[[ RAW DATA, beginning ]]

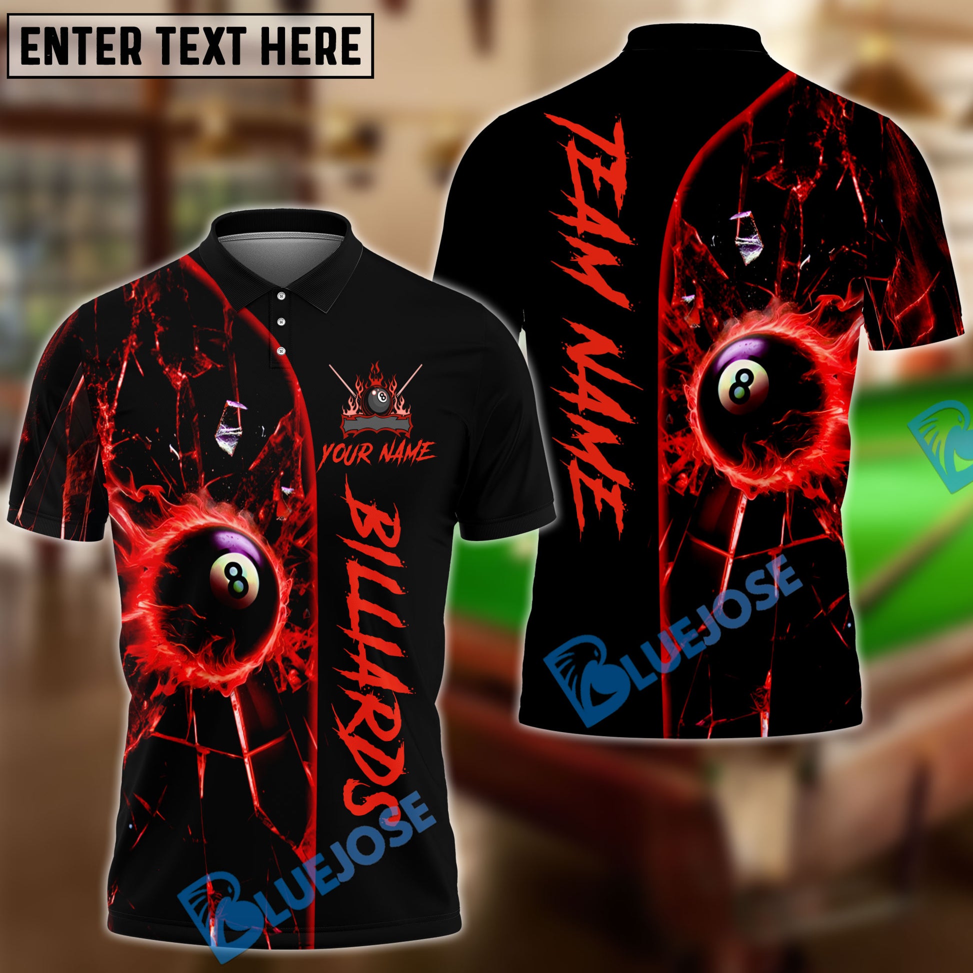 BlueJose Billiards Ball 8 Fire Break Glass Personalized Name Shirt (4 Colors)
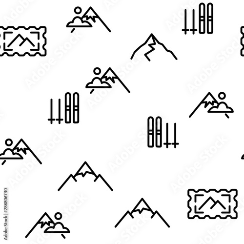 Mountain Alps Seamless Pattern Vector Contour Illustration
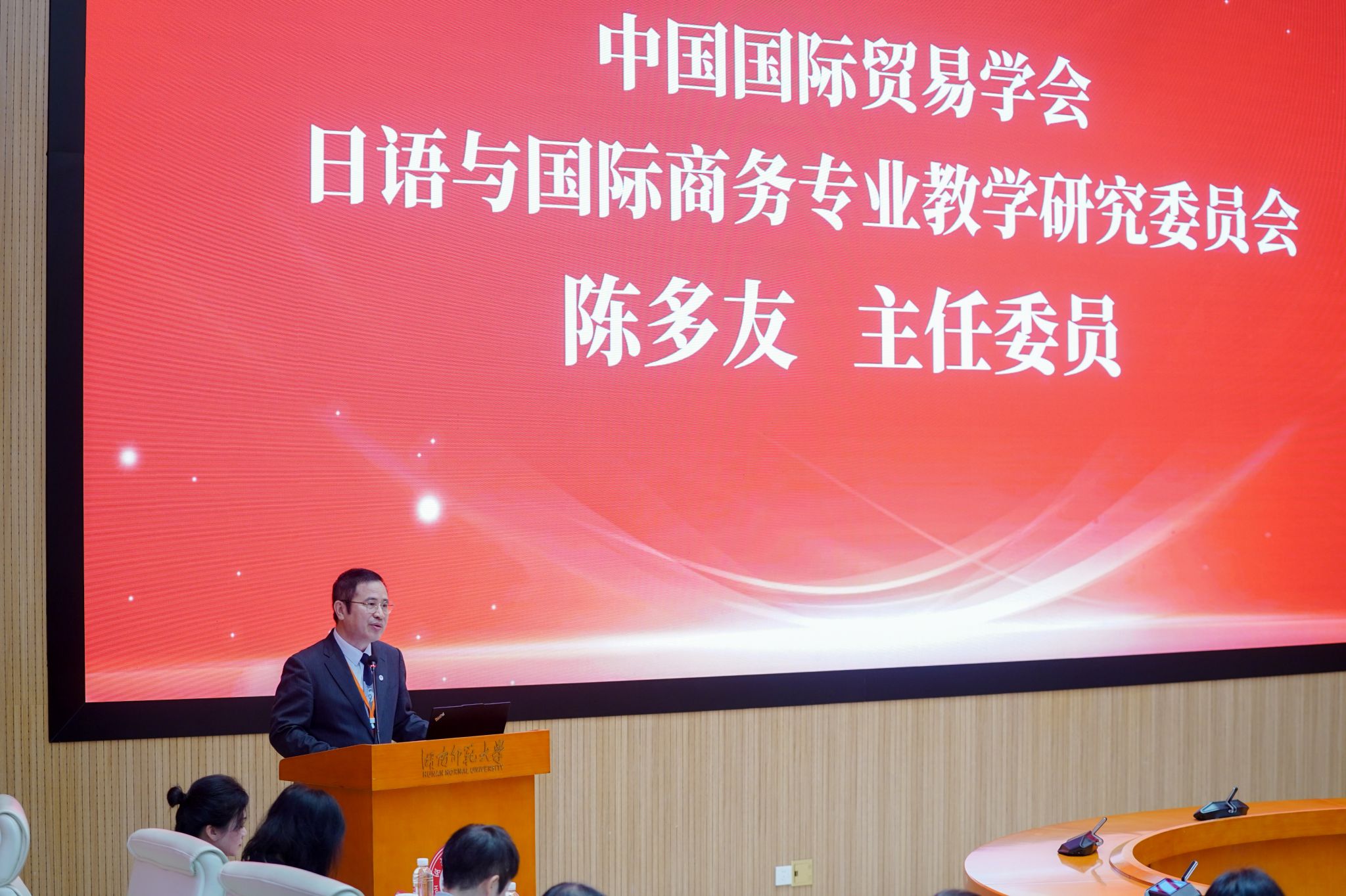 中国国际贸易学会日语与国际商务专业教学研究委员会(原中国日语教学研究会)主任委员、广东外语外贸大学日语语言文化学院(东方学研究院)名誉院长陈多友教授代表指导单位出席大会并作致辞与基调报告。

[[ RAW DATA, end ]]

▸ WHAT YOU SHOULD DO: Lines before the one containing "Mountain Alps Seamless" are not wanted; repeat that line and the rest of the listing exactly, leaving out pictures.

▸ RESULT:
 Mountain Alps Seamless Pattern Vector Contour Illustration
 中国国际贸易学会日语与国际商务专业教学研究委员会(原中国日语教学研究会)主任委员、广东外语外贸大学日语语言文化学院(东方学研究院)名誉院长陈多友教授代表指导单位出席大会并作致辞与基调报告。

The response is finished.